It's a good practice to disable lazy-loading in your Laravel code when running in development (or testing) mode. This will help you avoid N+1 problems.

You can easily do this by adding the following to your AppServiceProvider::boot function:

namespace App\Providers;

use Illuminate\Database\Eloquent\Model;
use Illuminate\Support\Facades\App;
use Illuminate\Support\ServiceProvider;

class AppServiceProvider extends ServiceProvider
{
    public function boot()
    {
        Model::preventLazyLoading(App::environment('local', 'testing'));
    }

    public function register()
    {
    }
}

There's one drawback though, it's all or nothing.

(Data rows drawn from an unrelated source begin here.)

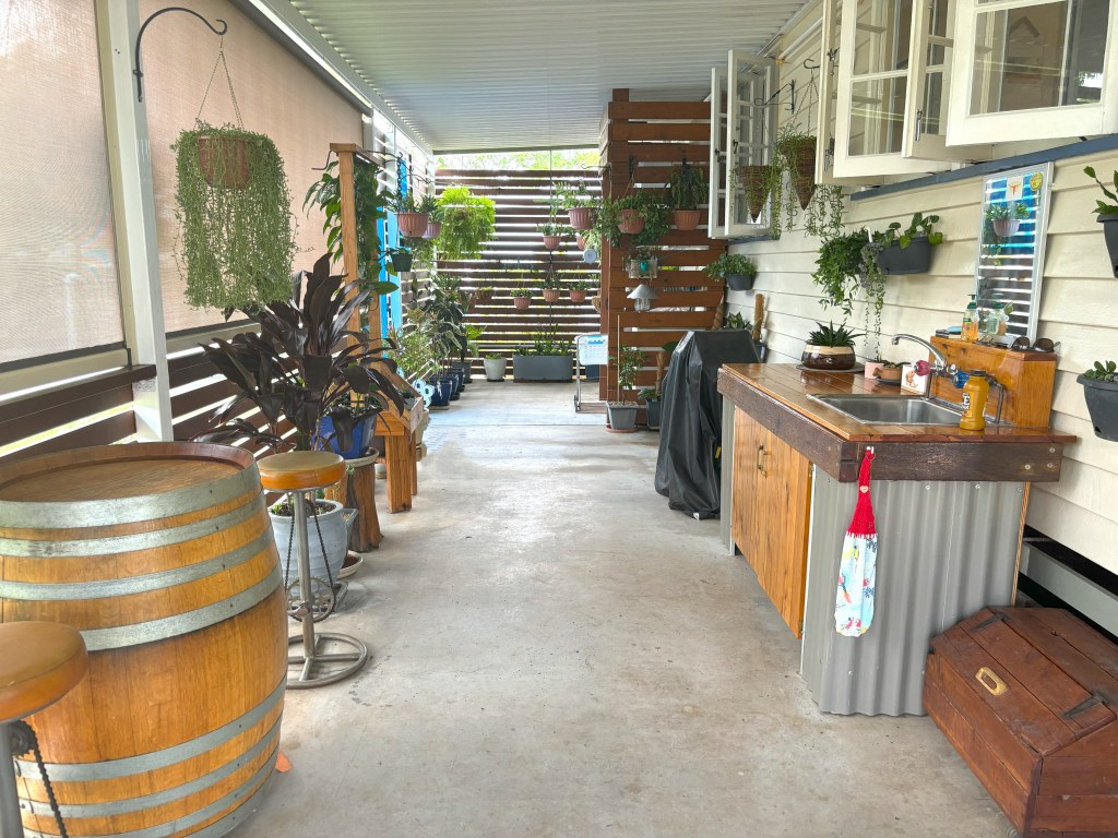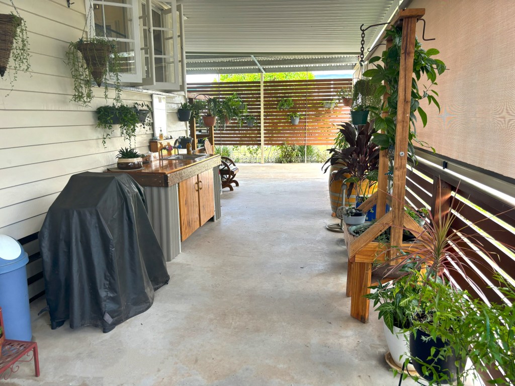 Step outside, and you’ll discover an aesthetically designed concreted outdoor area, complete with roller blinds to effortlessly control the afternoon sun, creating the perfect space for alfresco dining and entertaining.
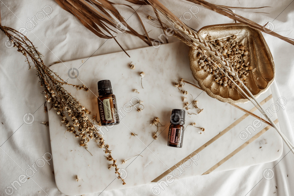 High Res image of Marjoram and Pink Pepper flatlay standing on a marble board with dried palm leaf in background.
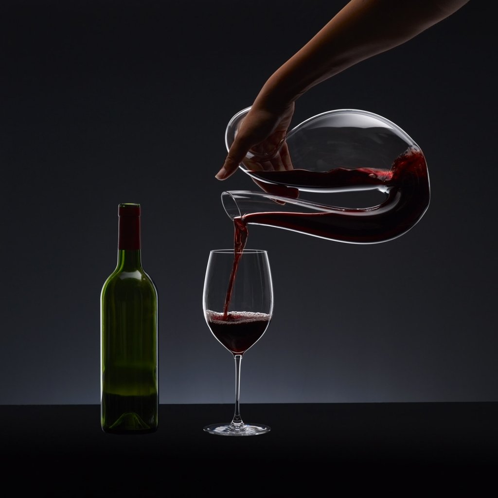 Karaffens form med två kammare påskyndar dekantering av vinet eftersom det vilar i två kammare. Vid upphällning luftas den sedan i den första kammaren så att den perfekta mängden för servering rinner in i den andra kammaren. Karaffens form har utformats med en stark betoning på balans. Ett övertygande bevis är den otroliga fjädringsfunktionen. Du kan ställa karaffen på bordet, men också hänga den på bordskanten, bar. Hanteringen är bekväm och säker. Den perfekta designen och den perfekta balansen kommer att tilltala alla vinälskare.
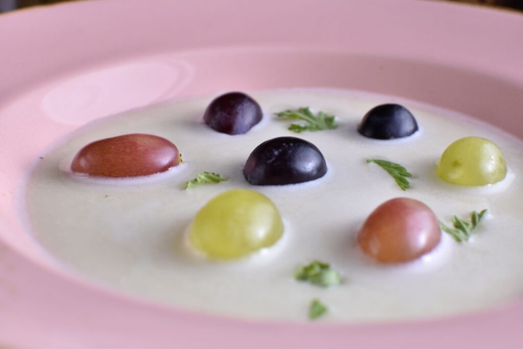 Σερβίρουμε την ajoblanco, διακοσμώντας με ρώγες σταφύλι και κομμένα φύλλα αρμπαρόριζας.
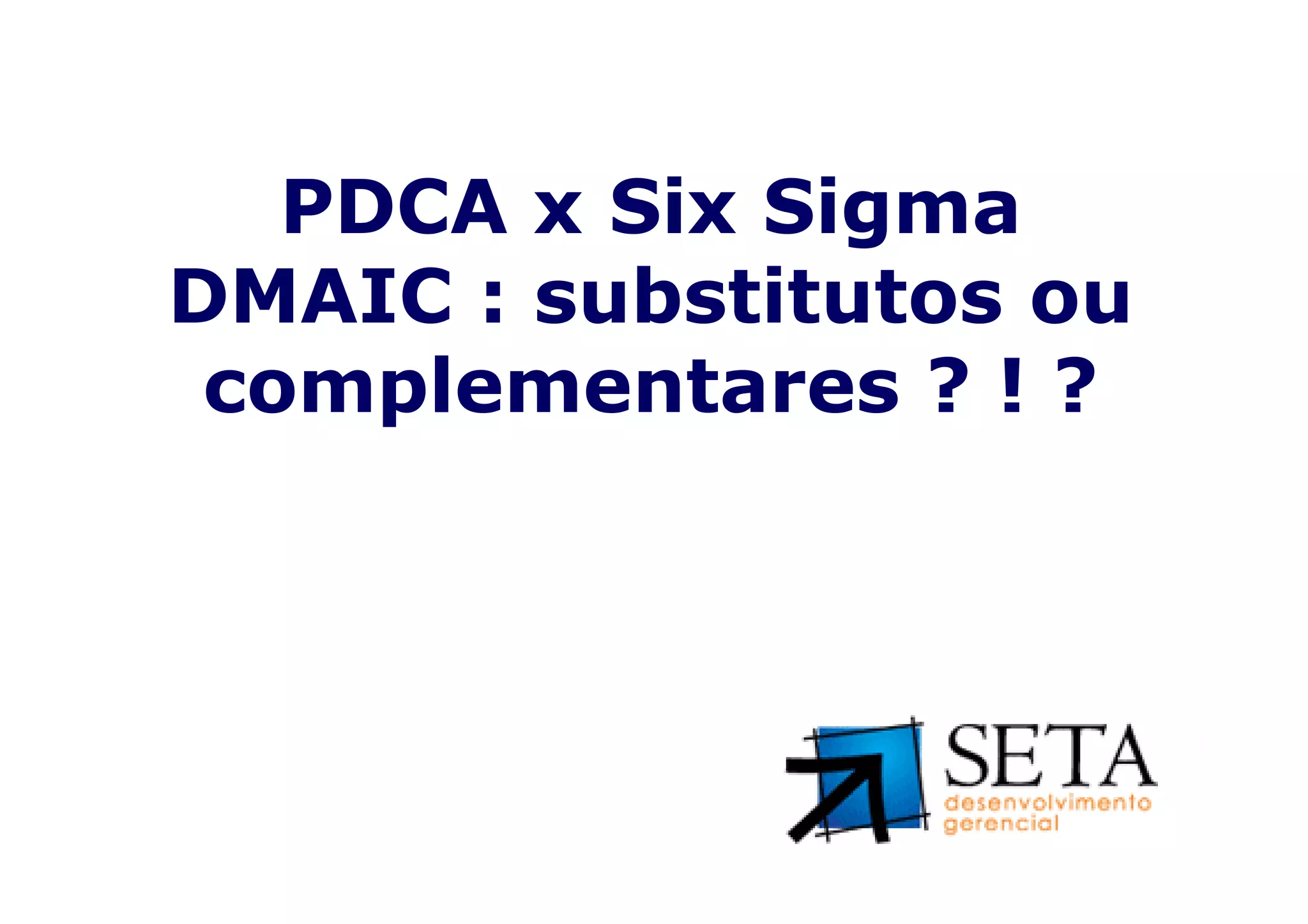 1) O documento compara o ciclo PDCA de melhoria contínua com a metodologia Six Sigma DMAIC.

When you are working with an existing codebase and you want to gradually fix the issues, you might need to (temporarily) disable the check for certain models and / or relations.

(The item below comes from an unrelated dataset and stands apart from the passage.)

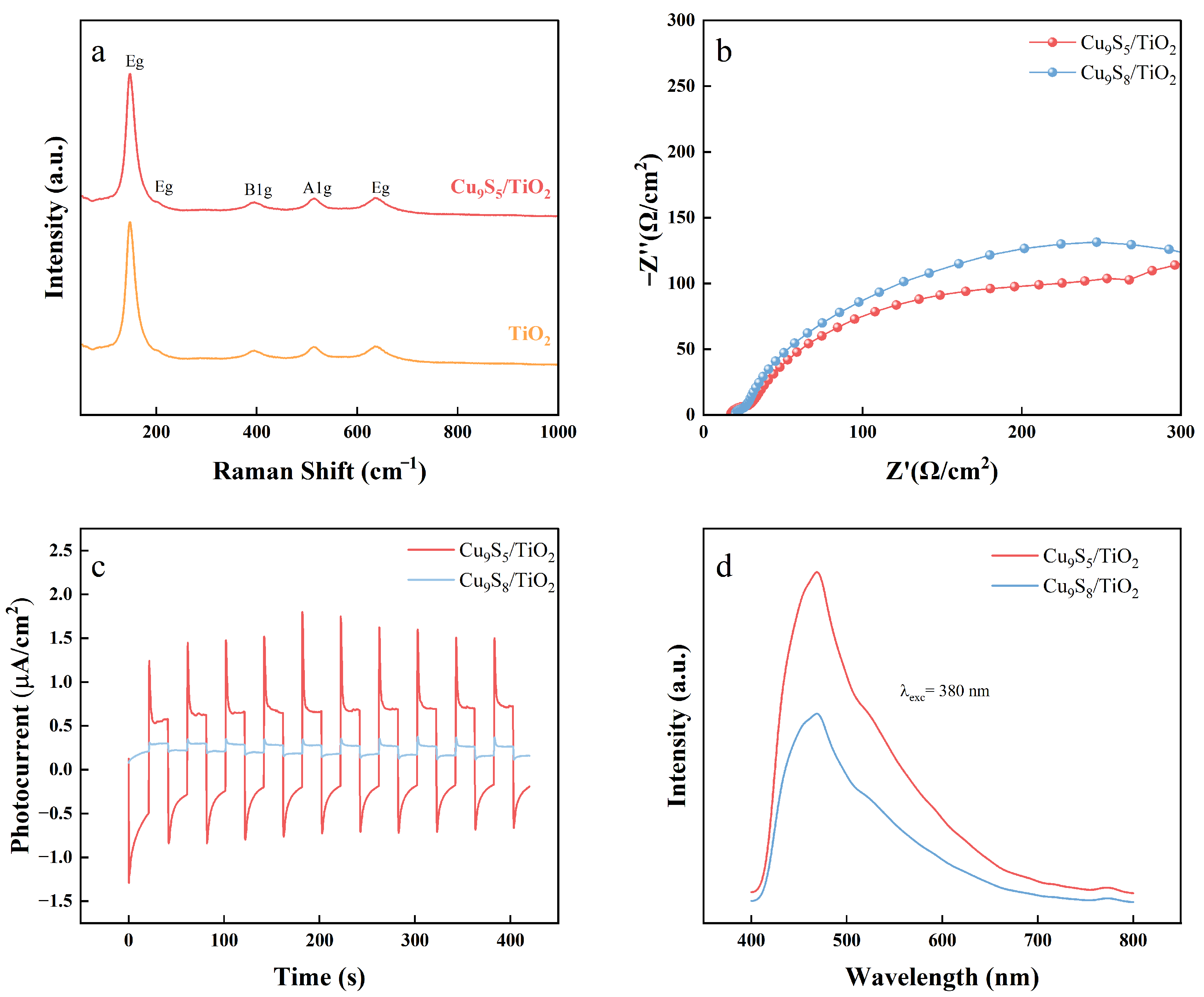 2.2. Optical and Photoelectrochemical Properties of Gel-Derived Cu9S5/TiO2 and Cu9S8/TiO2
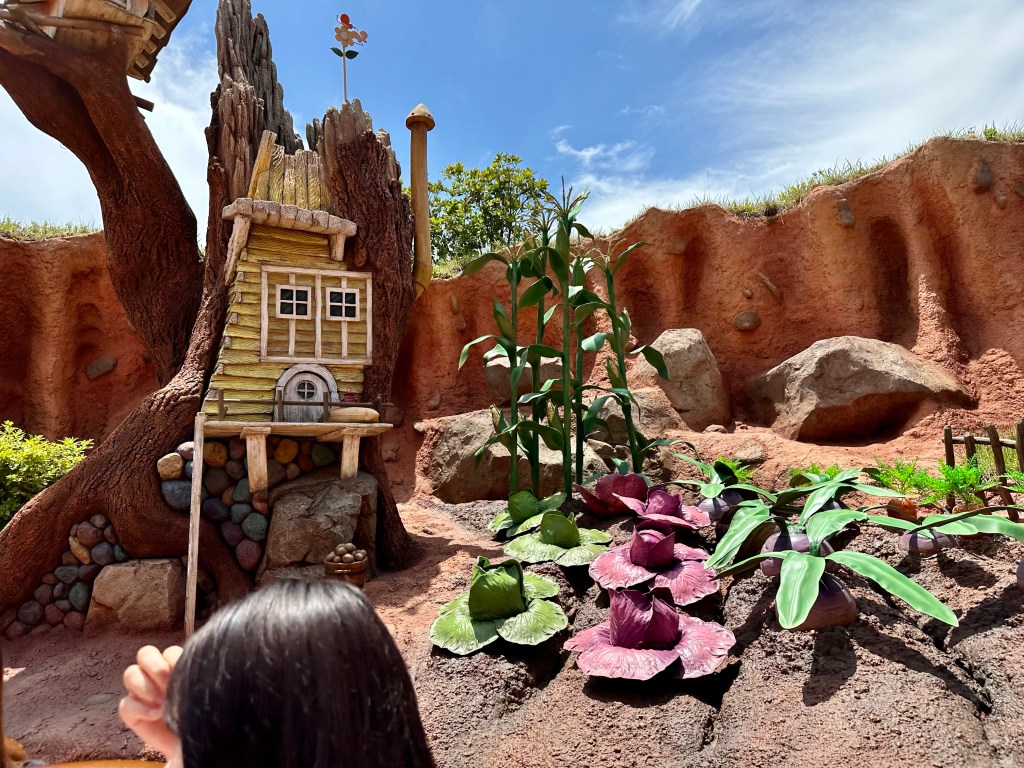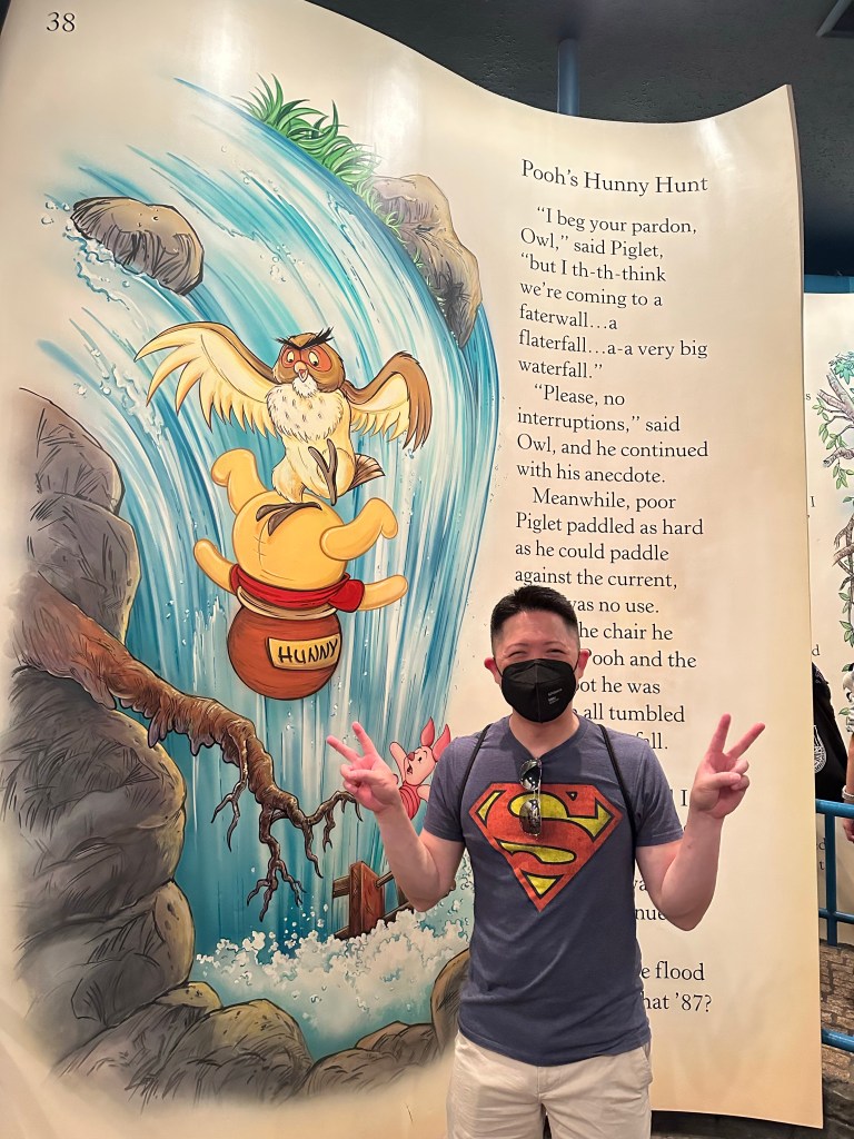 We then headed over to ride Winnie the Pooh’s Hunny Hunt. This was a ride we were so excited to experience our last trip here. It was just as fun this time and we made some friends while standing in line. We also got stickers!

To do so, you can register a closure using Model::handleLazyLoadingViolationUsing to customize the check

namespace App\Providers;

use App\Domains\User\CompanyUser;
use Illuminate\Database\Eloquent\Model;
use Illuminate\Database\LazyLoadingViolationException;
use Illuminate\Support\ServiceProvider;
use Illuminate\Support\Facades\App;

class AppServiceProvider extends ServiceProvider
{
    public function boot()
    {
        Model::handleLazyLoadingViolationUsing(function (Model $model, string $relation): void {
            if ($model instanceof CompanyUser) {
                if ($relation === 'offices') {
                    return;
                }
            }
            throw new LazyLoadingViolationException($model, $relation);
        });

        Model::preventLazyLoading(App::environment('local', 'testing'));
    }

    public function register()
    {
    }
}

In the above example, we no longer throw the lazy-loading error when loading the offices relation on the model CompanyUser.